Here on Cape Cod there are more HELP WANTED signs than daffodils out on the side of the roads. Traditionally, in a deal going back to the Cold War, seasonal shortages are supplemented by summer visas for young Bulgarians learning to speak English. COVID put paid to that. Now we are seeing some islanders from the Caribbean show up – but not enough to fill all the restaurant and leisure jobs required to keep this summer paradise from working properly. Things are so bad the restaurants are offering signing bonuses.
Here’s why. Unemployment benefits typically replace about 40% of workers’ wages, on average. But now, many laid-off Americans are receiving bigger checks from unemployment than they did from their jobs, thanks to the $2 trillion coronavirus relief package passed by Congress in March. The bill included a historic $600 boost to weekly payments, on top of state benefits, that lasts for up to four months.In 38 states, the combined payment is equal to or larger than the average weekly wage for the jobs that were lost. On the high end, the combined state and federal unemployment benefit covers 129% of lost wages, on average, in Maine and New Mexico.

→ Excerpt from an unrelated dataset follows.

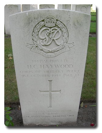 | Notes: | CMP. He was born and resided in Birmingham and formerly served in the Royal Artillery. 15/8/1942 transferred to CMP. Inscription on gravestone: My only beloved son, worthy of everlasting remembrance. Casualty List 1604/13, Western Europe, Killed in Action, date not reported.7/9/49 He was awarded the 1939-1945 Star, France & Germany Star, Defence Medal, War Medal. Address:- 93 Oldr Renshaw Road, Sheldon, Birmingham, Warwickshire. Harry Charles Haywood. |

Naturally farm hands, slaughter men, wait staff, shop assistants and other workers who are currently being paid more to stay home that return to work are taking their time about it. The problem? Will the jobs still be there when the boondoggle money runs out?
Jarrett Twigg is the co-owner of The Provincial in Apex, NC. He says staffers are getting a lot of money to sit at home and have no reason to go through the rigors of life in the restaurant business. So, he loses business.